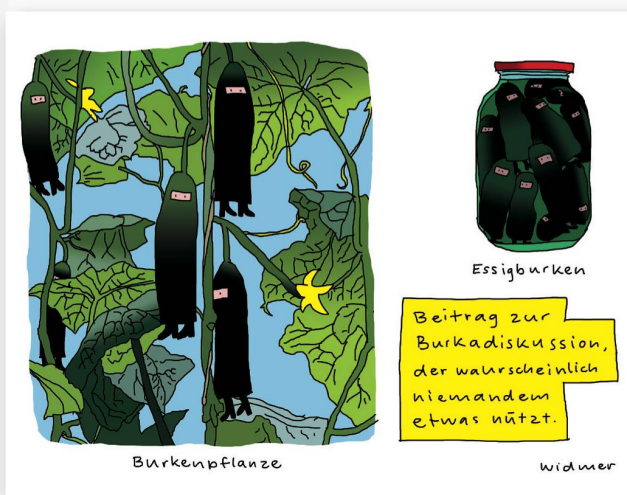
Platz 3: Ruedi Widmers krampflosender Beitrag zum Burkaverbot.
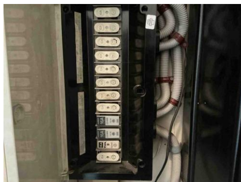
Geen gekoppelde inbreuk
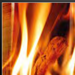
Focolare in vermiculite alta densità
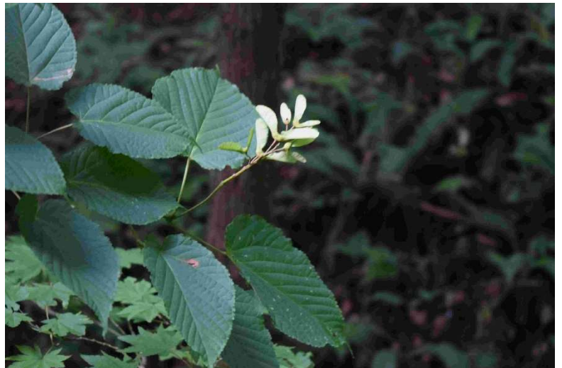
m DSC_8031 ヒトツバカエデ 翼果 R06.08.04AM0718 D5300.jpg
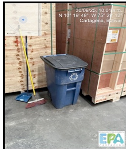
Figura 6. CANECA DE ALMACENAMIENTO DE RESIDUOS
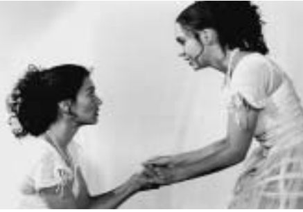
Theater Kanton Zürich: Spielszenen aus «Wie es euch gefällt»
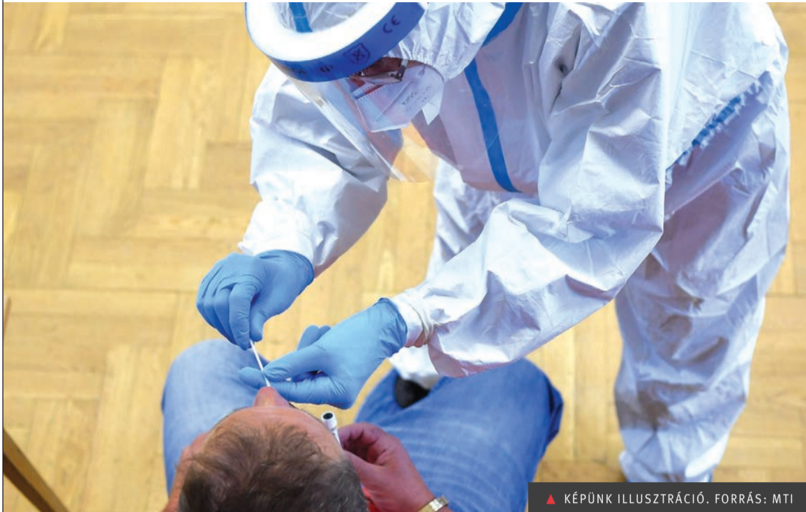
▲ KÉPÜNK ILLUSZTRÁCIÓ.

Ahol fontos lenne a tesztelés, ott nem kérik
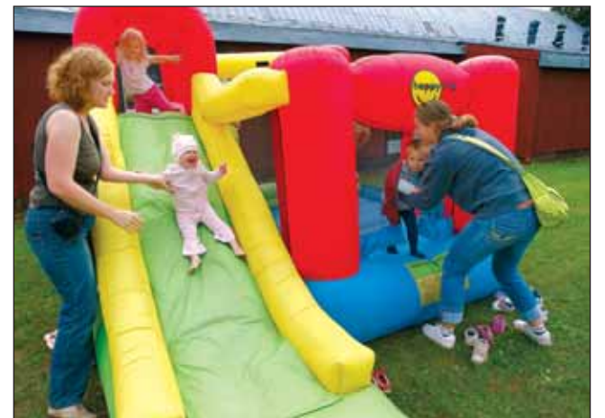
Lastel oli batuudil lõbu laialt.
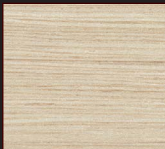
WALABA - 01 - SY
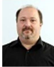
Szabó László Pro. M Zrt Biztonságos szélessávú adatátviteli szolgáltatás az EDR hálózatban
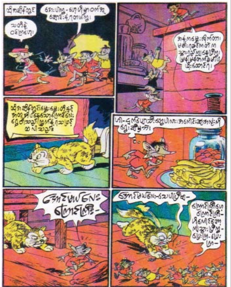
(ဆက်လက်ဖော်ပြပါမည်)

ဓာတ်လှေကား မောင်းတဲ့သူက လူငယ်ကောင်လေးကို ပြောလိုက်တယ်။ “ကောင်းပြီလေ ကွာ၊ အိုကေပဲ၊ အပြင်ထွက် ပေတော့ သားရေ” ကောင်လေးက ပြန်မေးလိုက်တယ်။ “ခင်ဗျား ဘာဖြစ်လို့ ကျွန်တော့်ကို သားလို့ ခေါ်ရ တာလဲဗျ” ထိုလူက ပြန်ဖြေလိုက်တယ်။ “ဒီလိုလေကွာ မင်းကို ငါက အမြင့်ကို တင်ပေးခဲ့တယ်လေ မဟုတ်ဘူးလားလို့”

#### Problem
Omit each picture, then return all of the listing exactly as it stands.

#### Completed exercise
Platz 3: Ruedi Widmers krampflosender Beitrag zum Burkaverbot.
Geen gekoppelde inbreuk
Focolare in vermiculite alta densità
m DSC_8031 ヒトツバカエデ 翼果 R06.08.04AM0718 D5300.jpg
Figura 6. CANECA DE ALMACENAMIENTO DE RESIDUOS
Theater Kanton Zürich: Spielszenen aus «Wie es euch gefällt»
▲ KÉPÜNK ILLUSZTRÁCIÓ.

Ahol fontos lenne a tesztelés, ott nem kérik
Lastel oli batuudil lõbu laialt.
WALABA - 01 - SY
Szabó László Pro. M Zrt Biztonságos szélessávú adatátviteli szolgáltatás az EDR hálózatban
(ဆက်လက်ဖော်ပြပါမည်)

ဓာတ်လှေကား မောင်းတဲ့သူက လူငယ်ကောင်လေးကို ပြောလိုက်တယ်။ “ကောင်းပြီလေ ကွာ၊ အိုကေပဲ၊ အပြင်ထွက် ပေတော့ သားရေ” ကောင်လေးက ပြန်မေးလိုက်တယ်။ “ခင်ဗျား ဘာဖြစ်လို့ ကျွန်တော့်ကို သားလို့ ခေါ်ရ တာလဲဗျ” ထိုလူက ပြန်ဖြေလိုက်တယ်။ “ဒီလိုလေကွာ မင်းကို ငါက အမြင့်ကို တင်ပေးခဲ့တယ်လေ မဟုတ်ဘူးလားလို့”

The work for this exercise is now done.